__ACTION ITEM__:
Could every line below be transcribed exactly, with the pictures dropped?

__PROVIDED MATERIAL__:

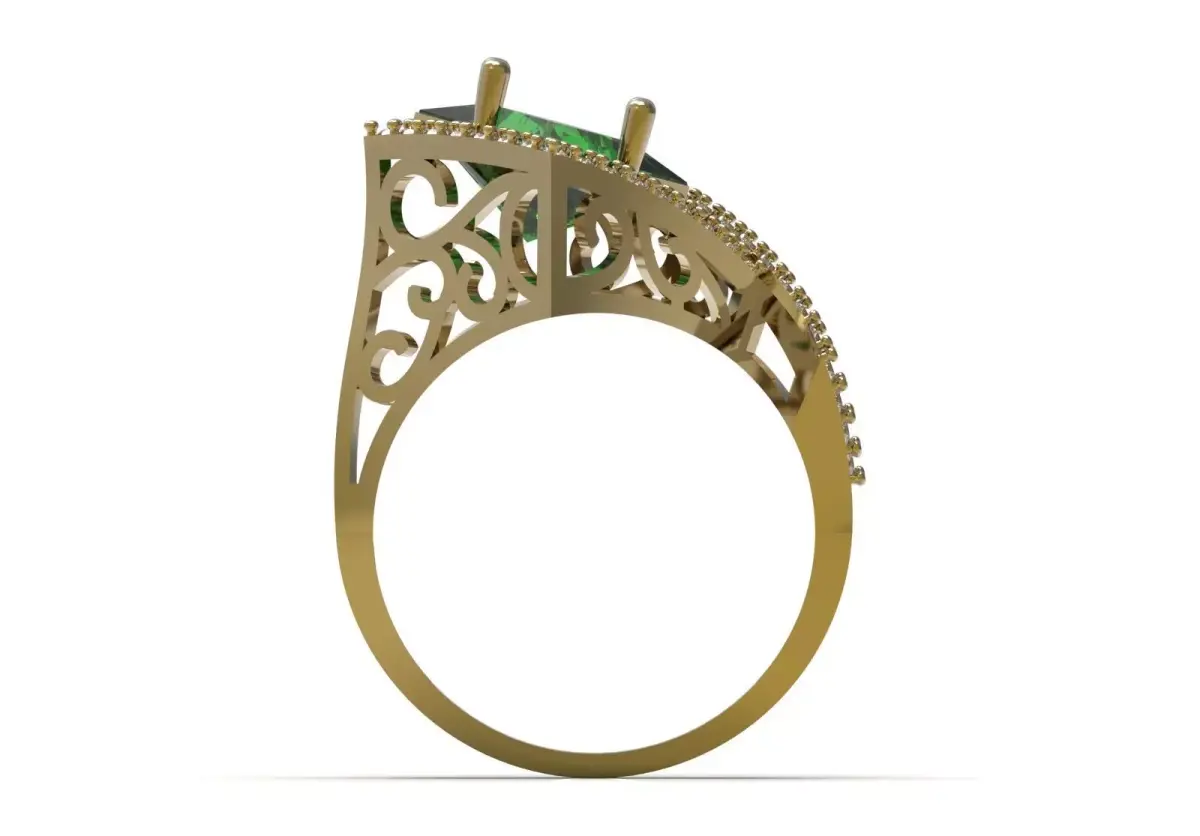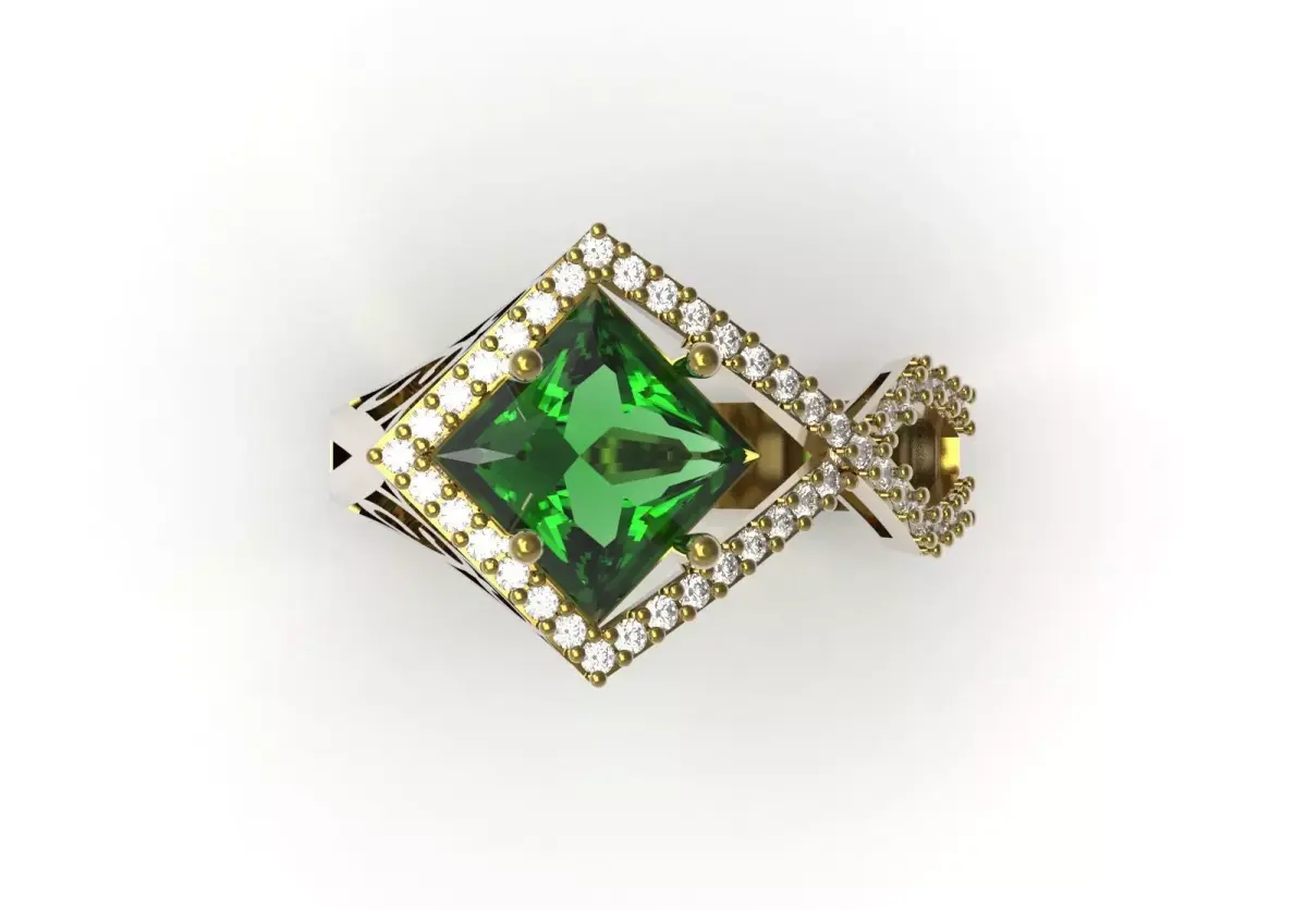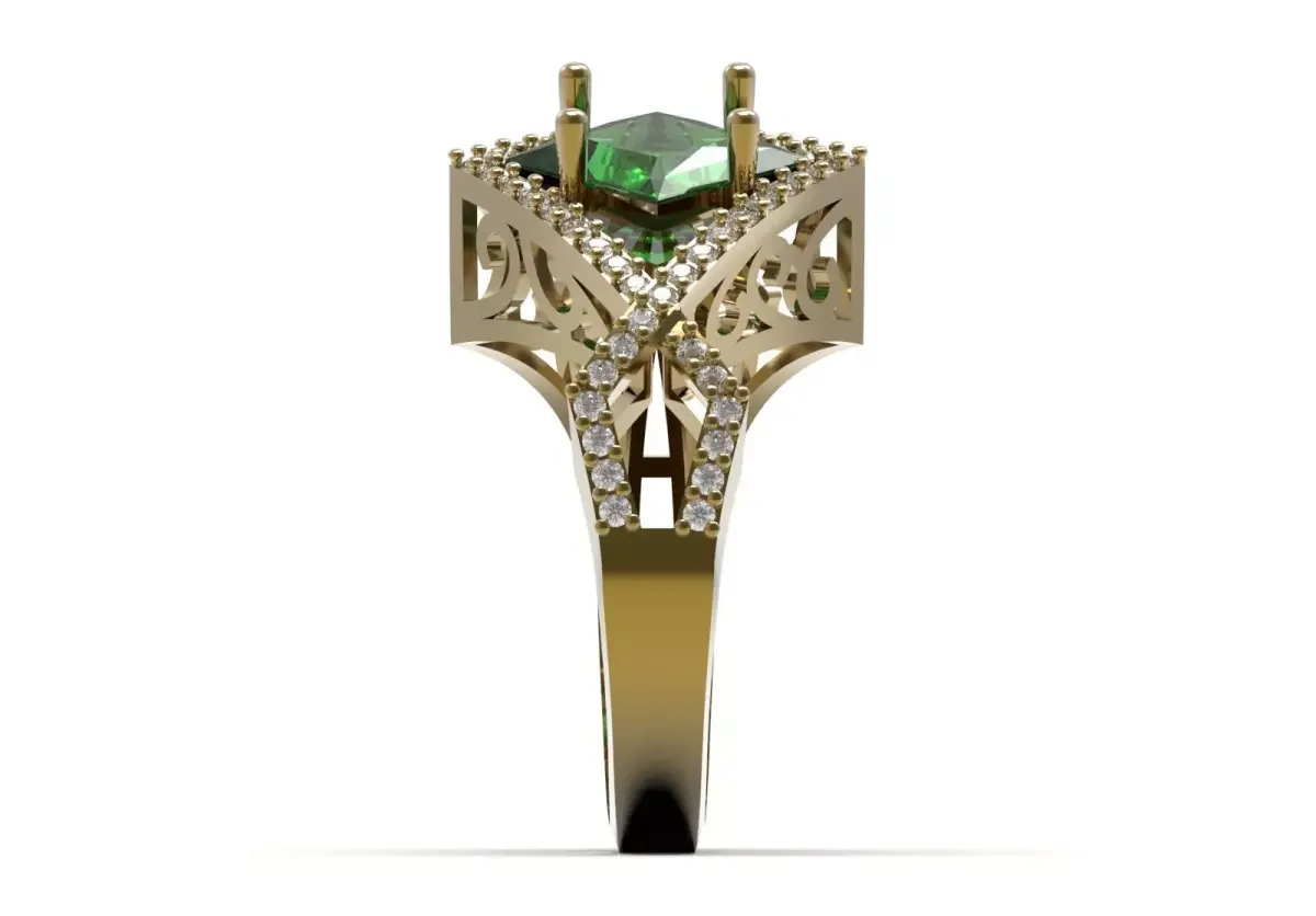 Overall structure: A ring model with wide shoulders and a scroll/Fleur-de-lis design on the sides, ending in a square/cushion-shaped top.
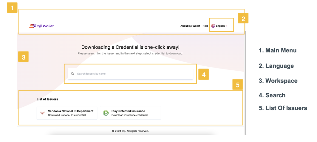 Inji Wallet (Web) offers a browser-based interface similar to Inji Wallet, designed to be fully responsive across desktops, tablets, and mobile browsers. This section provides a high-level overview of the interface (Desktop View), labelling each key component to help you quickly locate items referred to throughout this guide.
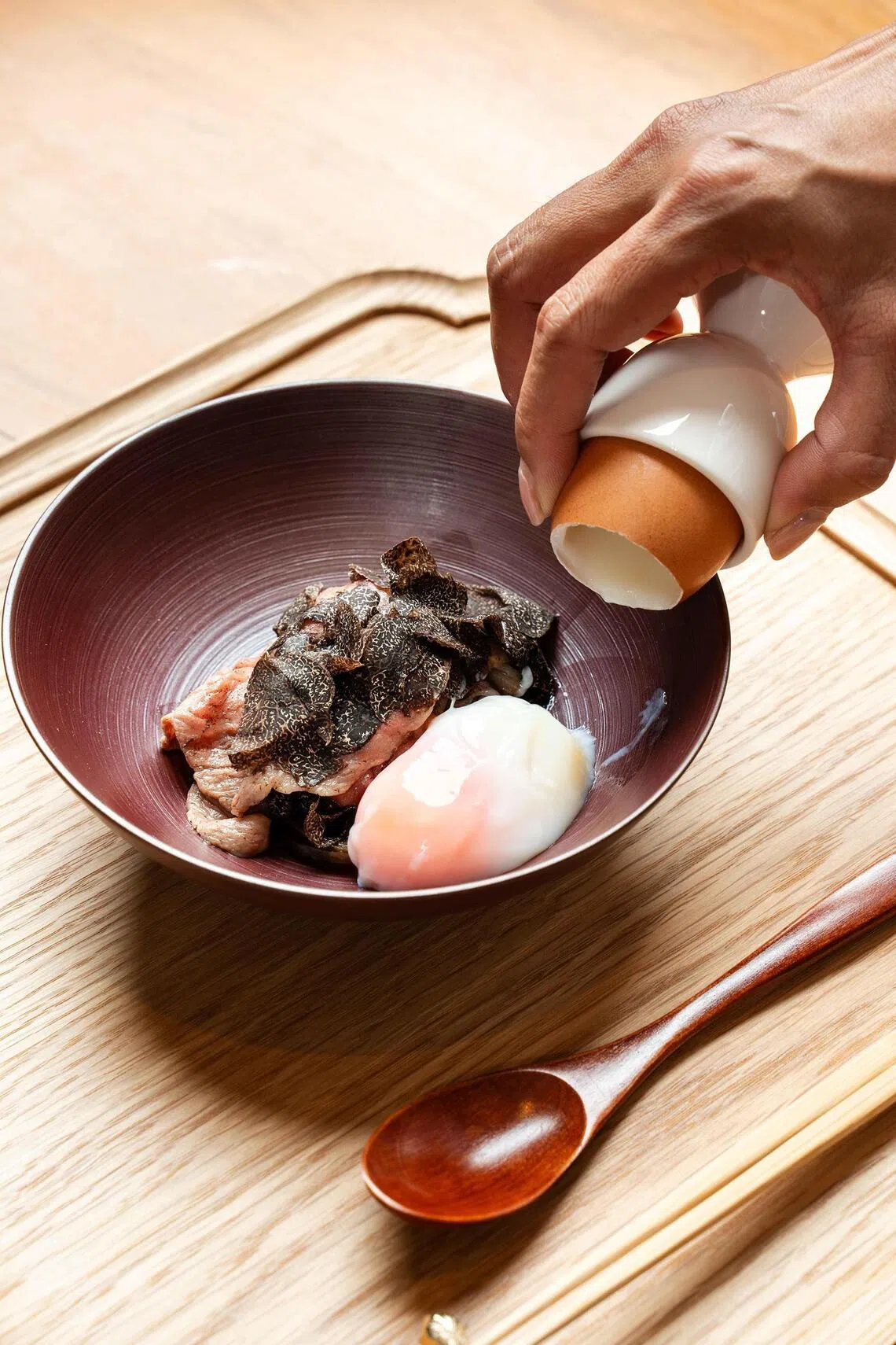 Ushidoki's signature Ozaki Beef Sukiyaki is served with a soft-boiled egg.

__FINISHED EXERCISE__:
 Overall structure: A ring model with wide shoulders and a scroll/Fleur-de-lis design on the sides, ending in a square/cushion-shaped top.
 Inji Wallet (Web) offers a browser-based interface similar to Inji Wallet, designed to be fully responsive across desktops, tablets, and mobile browsers. This section provides a high-level overview of the interface (Desktop View), labelling each key component to help you quickly locate items referred to throughout this guide.
 Ushidoki's signature Ozaki Beef Sukiyaki is served with a soft-boiled egg.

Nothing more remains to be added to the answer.